The Trump Diversion

 

Many liberals would love to depose Trump and return to a normalcy where such a monster could never be elected. If only Hillary would’ve won, the thinking goes, things would have been so much better.

I beg to disagree.

As a radical writer, I believe we face a generational crisis due to decades of elite mismanagement.

In this way, Trump is the perfect president for this milieu. He’s a tawdry, reality-TV pitch-man, putting a monster face on all that is fucked-up in America. Because Trump is from the same class, he’s also a living, breathing embodiment of the plutocracy that has looted the country under the rubric of neoliberalism.

In the Political Economy of Obama/Trump, Richard Wolff, argues that US capitalism, under the thrall of neoliberalism, has brought about the generational crisis due to its inability to manage the economy for most Americans.

“When the second major crash in 75 years hit in 2008, it exposed the debt-dependent reality of those decades. It also sent capitalism careening through a new depression followed by a devastating austerity regime. The economic careening provokes the political: its establishment center cannot hold.

Among leading capitalist circles there was immediate fear that the 2008 crash might well revive the 1930s’ coalition of labor unions (CIO), socialist and communist parties that forced the New Deal from below. True, the sustained post-1945 persecutions of communists and socialists plus the persistent attacks on labor unions had destroyed the New Deal coalition, but no one could be certain that it might not rematerialize from a new generation. What could and did help to prevent that was inserting Barack Obama into the presidency. He was the quintessential liberal, urbane, counterpoint to the Bush-led GOP that presided over the Crash’s arrival. Hillary Clinton might have done the job but Bill Clinton’s enthusiastic embrace of all that had crashed in 2008 gave the job instead to Obama.

And Obama performed as needed. Strictly trickle-down economics was how his administration “handled” the 2008-09 crisis. Nothing remotely like the New Deal’s taxing the rich to fund programs for the poor and middle was proposed or debated, let alone adopted as policy. Roosevelt in the 1930s had created and filled many millions of federal jobs. Yet the deep unemployment problem of 2008-09 prompted no serious consideration or even discussion of a federal jobs program from the White House or congressional leaderships.

Obama in the White House could temporarily calm and deflect mounting anger and resentment. His words and symbolic gestures effectively blocked many labor unions, students, white liberals and African-Americans from mobilizing against his administration’s economic policies. And when real opposition did arise in 2011, he suppressed it (as with the nationally coordinated forced removals of the Occupy Wall Street movement’s municipal encampments).

However, the powers that be paid a heavy price for the social quiet they purchased with Obama’s presidency. Sections of the white working class plus broad swaths of right-wing and conservative populations recoiled from the Obama administration. The 2008 crash had hurt them too. The trickle down recovery likewise largely bypassed them. Badly needing help, they resented “others” who seemed to have captured the government and would use it exclusively to help themselves. Indeed, those “others” included people they had long feared and/or hated: major parts of old party establishments coalescing with non-whites and “liberals.”
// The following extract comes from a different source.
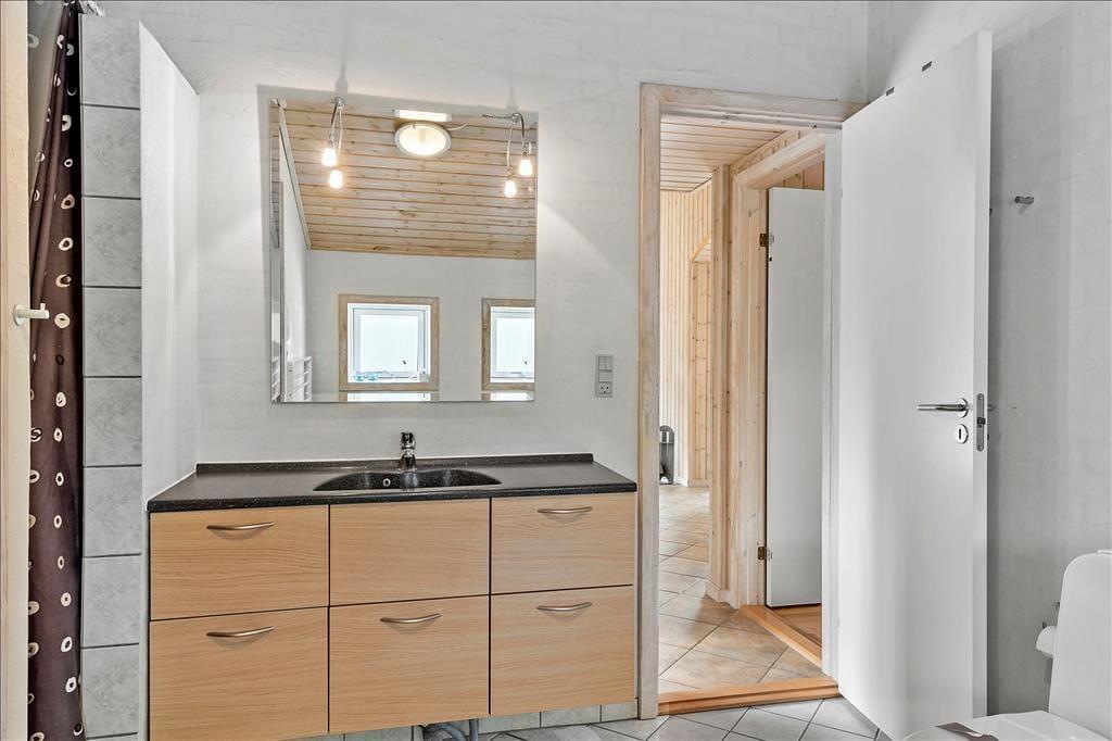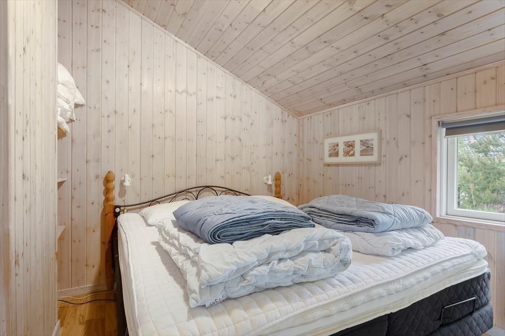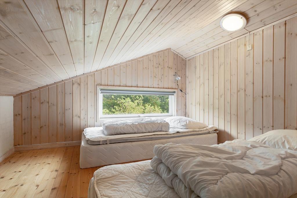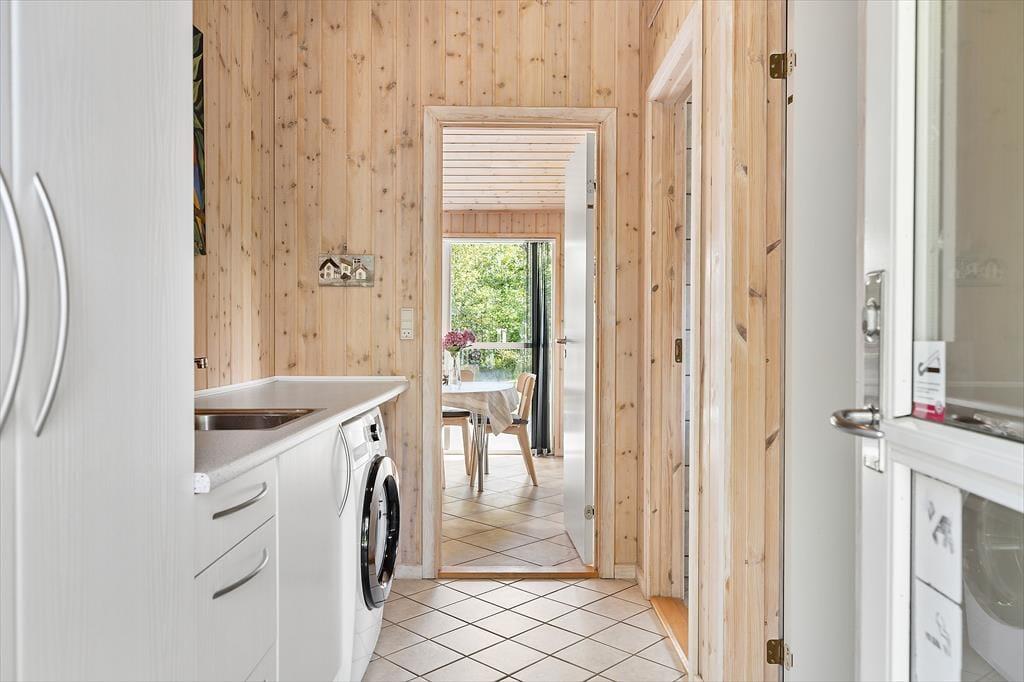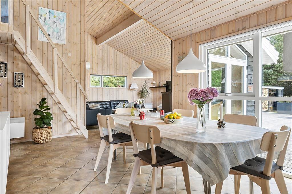 Sommerhuset byder på en lys og venlig atmosfære, der straks får dig til at føle dig hjemme. Stuen er rummelig og har store vinduer, der inviterer sollyset indenfor og giver et dejligt kig ud til de grønne omgivelser. Den åbne planløsning mellem stue og køkken gør det let at være sammen, uanset om I laver mad, spiller spil eller slapper af i sofaen. Med sit indbydende interiør og komfortable møbler er huset som skabt til hyggelige stunder med familien, uanset om det er foran brændeovnen på en kølig aften eller ved spisebordet til en fælles middag.

US capitalism used up the Obama diversion to get through most of the first decade after the 2008 crash. 

It is fast using up the Trump diversion. The social groups kept from system critique by Obama have become noticeably more interested in it since he departed the White House. Trump only accelerates that process. Meanwhile, Trump’s followers keep waiting for the promised protection from decline, but it does not appear. They get lots of symbolism but little substance. He and they blame their usual others, but their frustrations may soon open them too to system critiques.

Meanwhile, those critiques proliferate and mature across the society.”

In a perverse manner, Trump just by being Trump, might help shine a light on the  catastrophic failures of neoliberal/capitalism and our corrupt political and economic elite who’ve made his presidency possible and a generational crisis absolutely certain.

After that, it’s up to us.

Update: I’m in good company.

“…we dodged a bullet with Trump because he is incompetent. A competent right-wing ideologue who actually made the economy better (and it can be done), can change the US and own it–in a perverse reversal of FDR.

It is not enough to be for civility and decorum. Democrats must also truly be against Republican policies and for positive policies of their own which are radical enough to turn the United States away from its current economic trajectory towards further and further oligarchy. Policies which create and spread wealth, and which end monopolies and oligopolies, and break corruption.

These policies are well known and understood: high marginal tax rates, breaking up large companies and real universal health care, along with effective stimulus and investment. What is lacking isn’t knowledge of how to implement them, what is lacking is will: The Democrats don’t want such policies any more than Republicans do. What they want is kinder, gentler neoliberalism. A slow descent into oligarchy, with a few more cushions for the homeless.”